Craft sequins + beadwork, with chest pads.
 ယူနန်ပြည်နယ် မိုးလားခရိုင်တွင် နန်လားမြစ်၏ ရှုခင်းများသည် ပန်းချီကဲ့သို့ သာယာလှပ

***

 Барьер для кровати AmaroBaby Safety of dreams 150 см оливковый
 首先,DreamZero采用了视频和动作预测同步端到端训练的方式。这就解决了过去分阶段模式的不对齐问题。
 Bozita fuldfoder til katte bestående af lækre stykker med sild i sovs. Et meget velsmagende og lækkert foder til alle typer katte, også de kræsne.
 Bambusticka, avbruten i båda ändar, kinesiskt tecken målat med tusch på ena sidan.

***

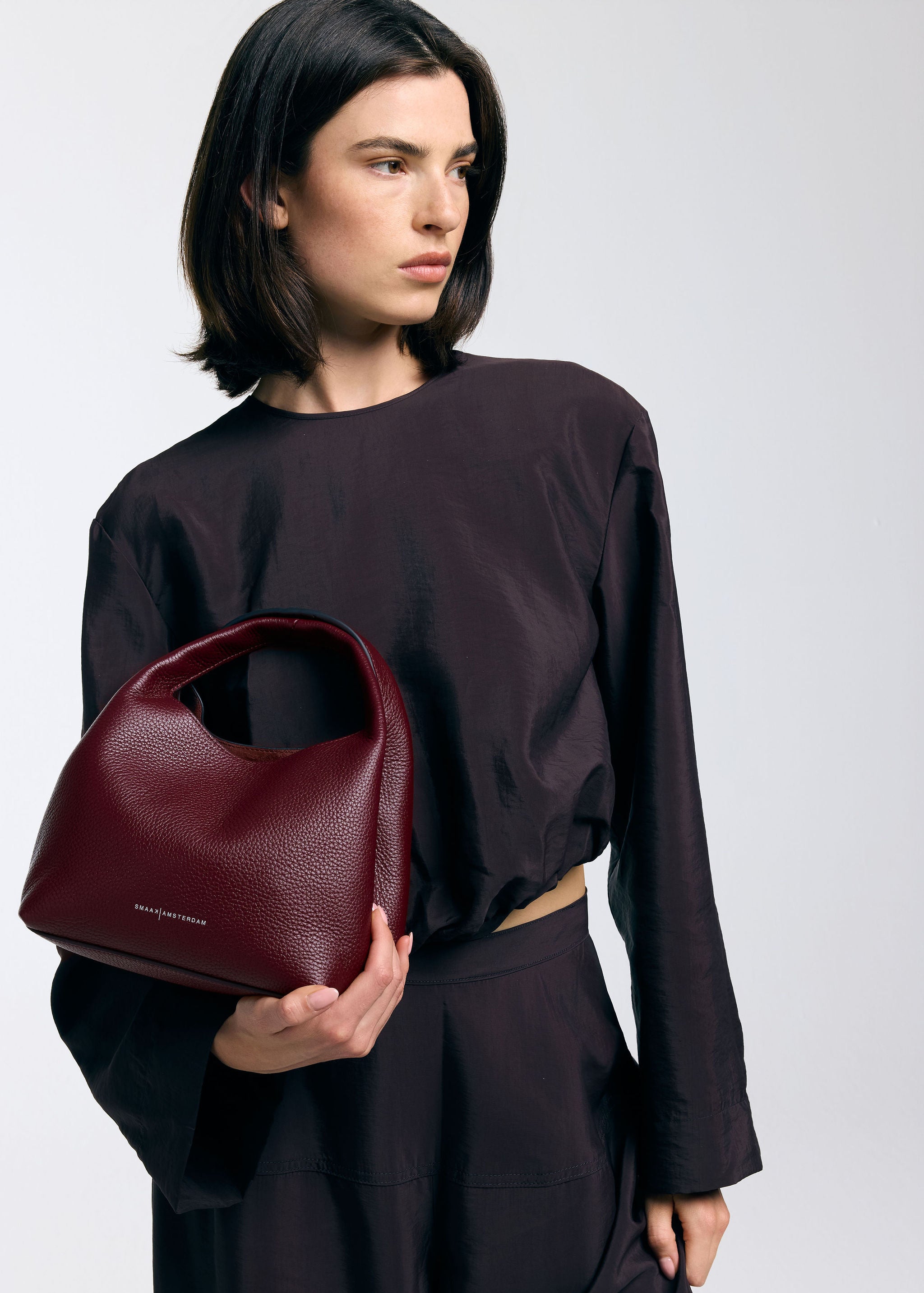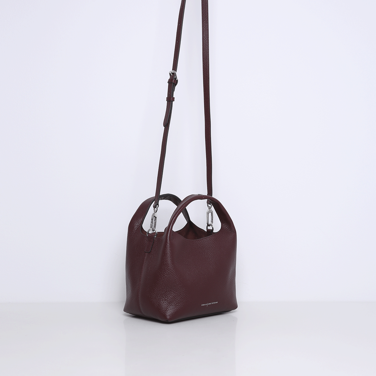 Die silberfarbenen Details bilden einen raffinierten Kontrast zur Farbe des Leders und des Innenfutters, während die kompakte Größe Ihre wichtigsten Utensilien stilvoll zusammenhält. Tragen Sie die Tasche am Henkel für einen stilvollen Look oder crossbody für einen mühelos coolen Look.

***

* EXERCISE OBJECTIVE
Beginning with the line above that contains "Craft sequins + beadwork, with chest pads.", copy each line exactly up to and including the line that contains "ယူနန်ပြည်နယ် မိုးလားခရိုင်တွင် နန်လားမြစ်၏", and go no further.

* TASK OUTPUT
Craft sequins + beadwork, with chest pads.
 ယူနန်ပြည်နယ် မိုးလားခရိုင်တွင် နန်လားမြစ်၏ ရှုခင်းများသည် ပန်းချီကဲ့သို့ သာယာလှပ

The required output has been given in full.